大研修室での口腔ケアや分科会2~4分科会3「がんターミナル期の褥瘡ケアのあり方を考える」では、在宅で手に入る簡単な材料や方法も活用し、多職種で情報共有できるかが大事という話になりました。翌2日の報告会で、小笠原会長から、「褥瘡ができてはいけないと、病院で2時間おきの体位変換を行い、それを在宅でも強いると、患者も家族も、ほとんど眠れなくなってしまう。ターミナル期をどう捉えるか、まずはぐっすり寝てもらい、患者と家族に笑顔が戻ってきてから、褥瘡ケアを行っていくことも大事ではないか」というアドバイスもありました。

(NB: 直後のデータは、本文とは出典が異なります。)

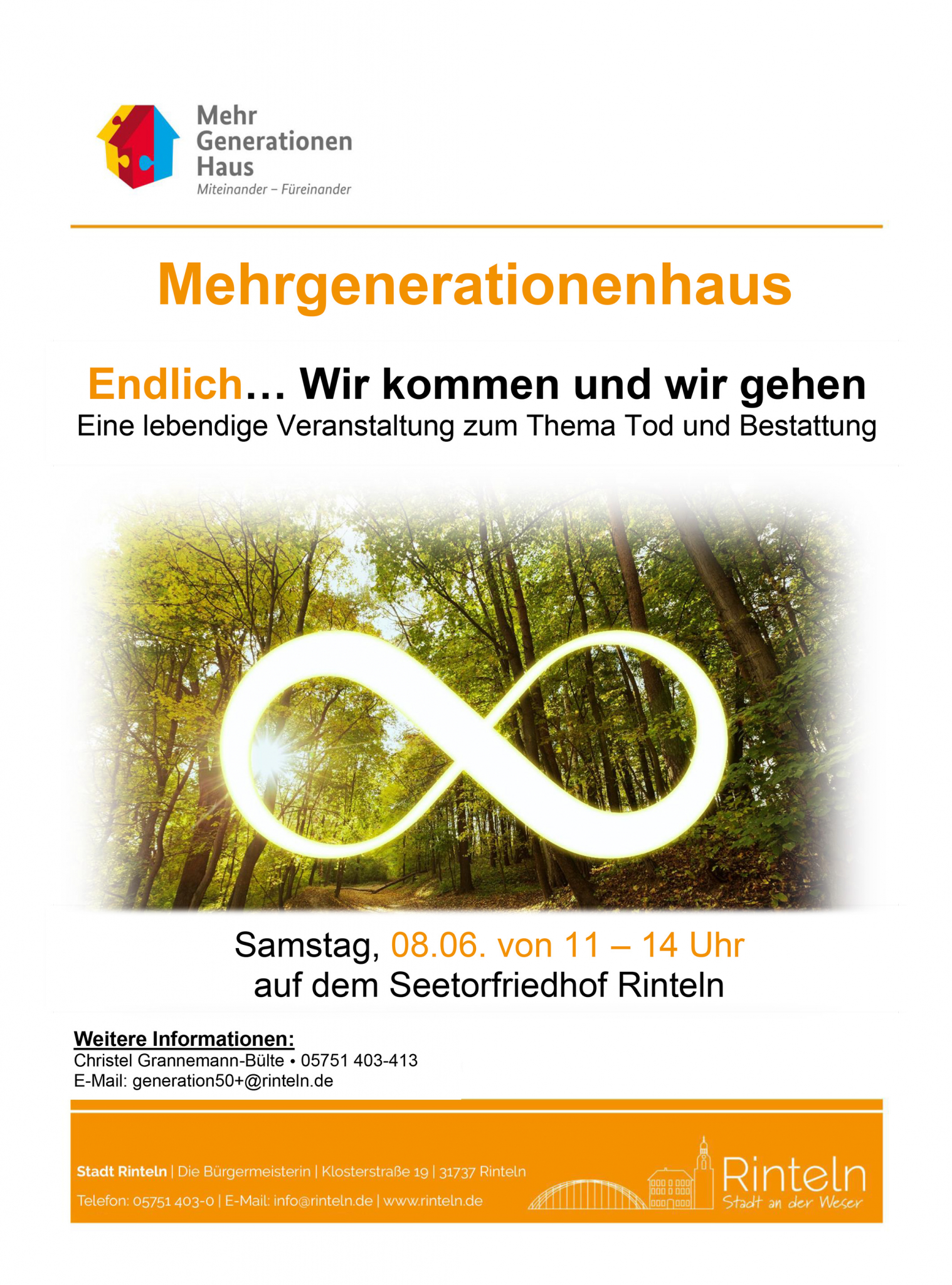 Am Samstag, den 08.06.2024 laden das Mehrgenerationenhaus und der Bereich „Friedhofswesen“ der Stadt Rinteln zu einem lebendigen Austausch zum Thema „Tod und Bestattung“ auf den Seetorfriedhof ein. Unterstützt wird die Veranstaltung vom Hospizverein Rinteln e. V., Bestattungen Kampmeier, Bestatter Friedrich Bartram, Trauerrednerin Marion Windisch sowie Paul-Egon Mense und Ursula Mühlenhoff, die für ein humorvolles Rahmenprogramm sorgen werden.

分科会4「在宅ホスピスにおけるリハビリテーション」では、ターミナル期に、どうリハビリテーションを導入していくのか、患者の希望を、たとえ小さなことでも実現できるように、援助していくことが大事ではないかと、さいたま市、豊島区、柏市の事業所の実践報告がなされました。2日のまとめの中で、患者さんの笑顔も成果を図る大事な目安になるのでは、という意見も出ました。今回、大会の中で初めてセラピストの分科会を設けましたが、懇親会や交流会で、緩和ケア医や他職種と意気投合し、抱き合っている姿を見て、「理念」って共有できるんだな~、顔と顔と合わせてざっくばらんに話し合える場って大事だな~と深く感じました。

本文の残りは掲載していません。